It’s not often we agree with managed futures critics, but this time around, we’re making an exception. A recent piece in the Wall Street Journal told the story of a man who passed on the managed futures mutual fund MutualHedge Frontier Legends Fund. We’re not a huge fan of the managed futures mutual fund in general; we prefer the liquidity, transparency and lack of load and sales fees you can get from managed accounts. But our admiration of Rick has nothing to do with the Legends fund itself. No, for us, it was the why:
Rick is a 50-something investor from New Orleans, whose financial adviser has been pushing him to move some of his assets into a “managed futures” fund, saying it will smooth out results.
The sales pitch he’s getting for the MutualHedge Frontier Legends Fund amounts to “Managed futures held up well during the last financial crisis,” and “This is what sophisticated investors do.”
While both of those points are technically correct, Rick’s not that sophisticated, which is why getting into MutualHedge Frontier Legends (US:MHFAX) would be the Stupid Investment of the Week.
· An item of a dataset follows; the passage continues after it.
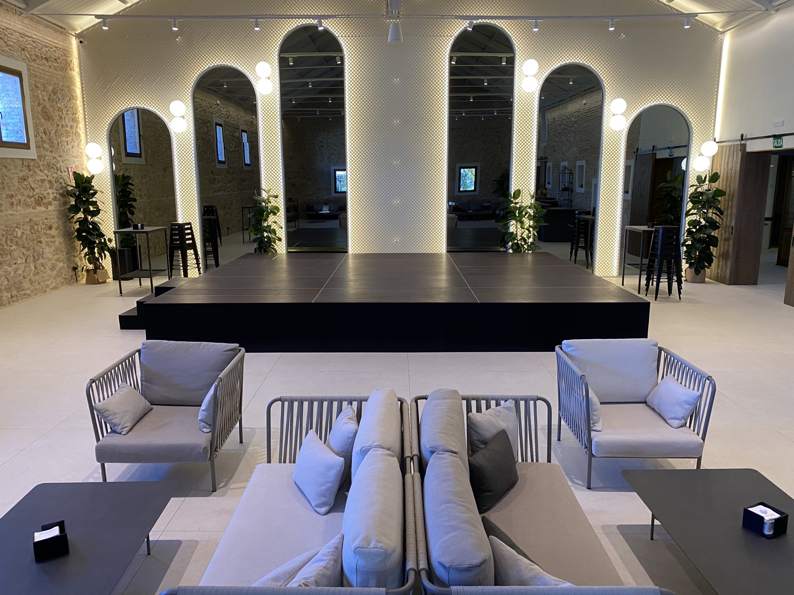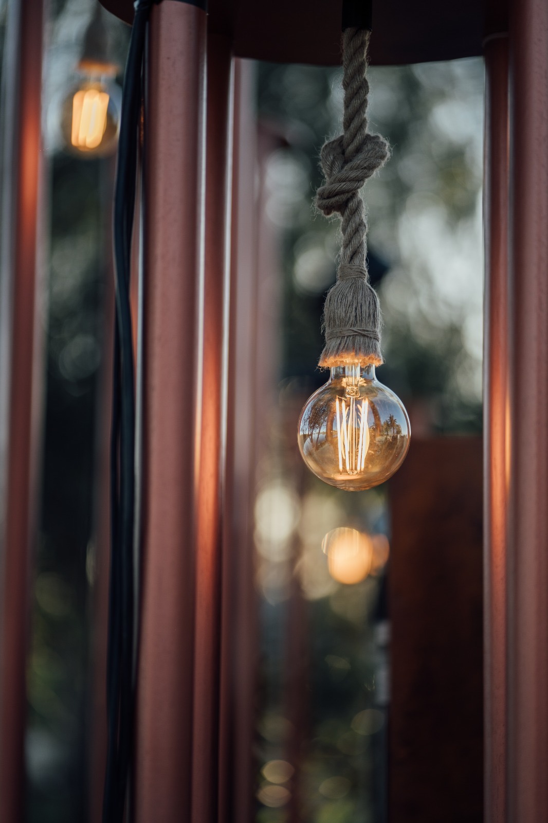 - Hileras de bombillas cálidas con regulador de intensidad.

Stupid Investment of the Week highlights the concerns and characteristics that make a security less than ideal for average investors. It’s written in the hope that showcasing one worrisome situation will make it easier to sidestep danger elsewhere. The column is not intended as an automatic sell signal, and in fact the investors who have slugged more than $825 million into Frontier Legends since it opened at the end of 2009 might be pretty happy they’re in it.
My hope is that the bulk of those investors don’t fall into the “average” category, if only because they should be getting solid explanations from the advisers who sell MutualHedge Frontier Legends. Rick, by comparison, wasn’t getting those kinds of answers, and that alone would make it hard for him to get comfortable with any managed-futures fund.
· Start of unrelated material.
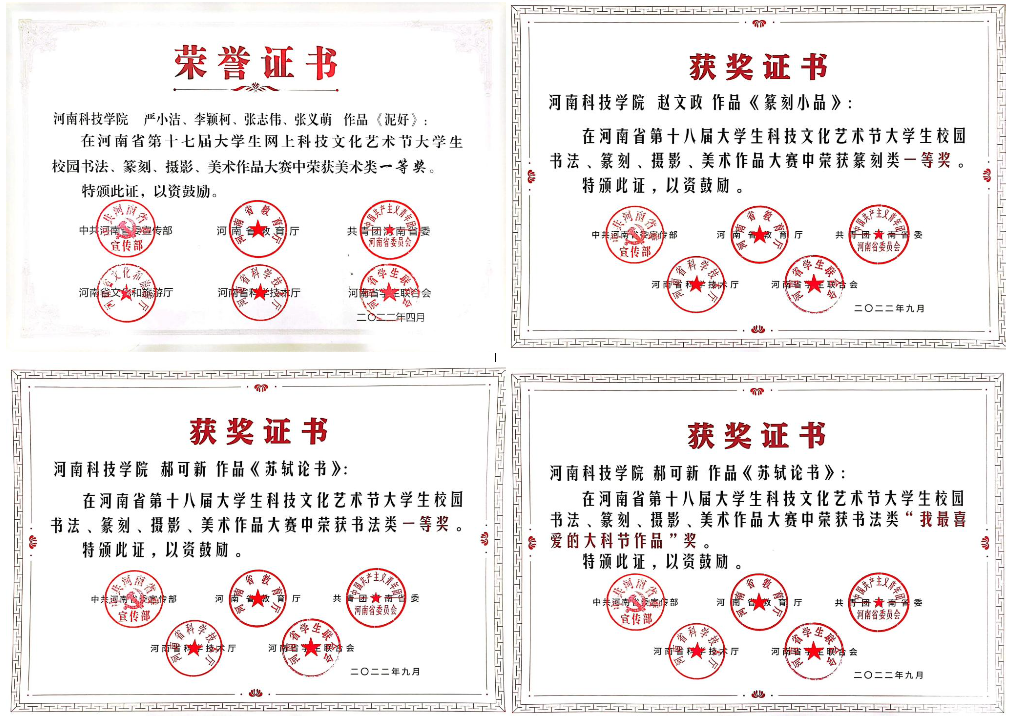 近日,从河南省第十八届大学生科技文化艺术节传来喜讯,我院参赛作品共荣获奖项14项,其中一等奖3项、二等奖2项、三等奖7项、优秀奖1项、“我最喜爱的大科作品”奖1项。

Did you catch the important lesson in there? It has nothing to do with the Legends fund, or mutual funds, or managed futures performance. For us, the most important takeaway was this:
My hope is that the bulk of those investors don’t fall into the “average” category, if only because they should be getting solid explanations
Replace the word generic term “average” with “uninformed,” and this article makes a lot of sense.
If you’re looking at a managed futures investment, and the bulk of the pitch you’re getting is related to 2008, you should absolutely be running in the other direction. First of all, past performance is not necessarily indicative of future results. To base an investment off of one sliver of asset class performance is ill-advised no matter what the label is. Second, if you’re working with someone who favors generic explanations over taking the time explain one of the more complicated investments on the market (no matter what wrapper it’s in), they’re doing you a disservice. There’s a chance they can’t explain the nuances because they don’t understand the investment themselves. This goes back to our newsletter about using caution when selecting financial professionals to work with.
No one should invest in managed futures without becoming educated on the asset class. It’s why we dedicate the time we do to our blog, newsletter and so on. An educated investor has more realistic expectations, and can make decisions that are better suited for their investment goals. And that’s the kind of investor we’d rather work with. After all, isn’t good decision-making the point?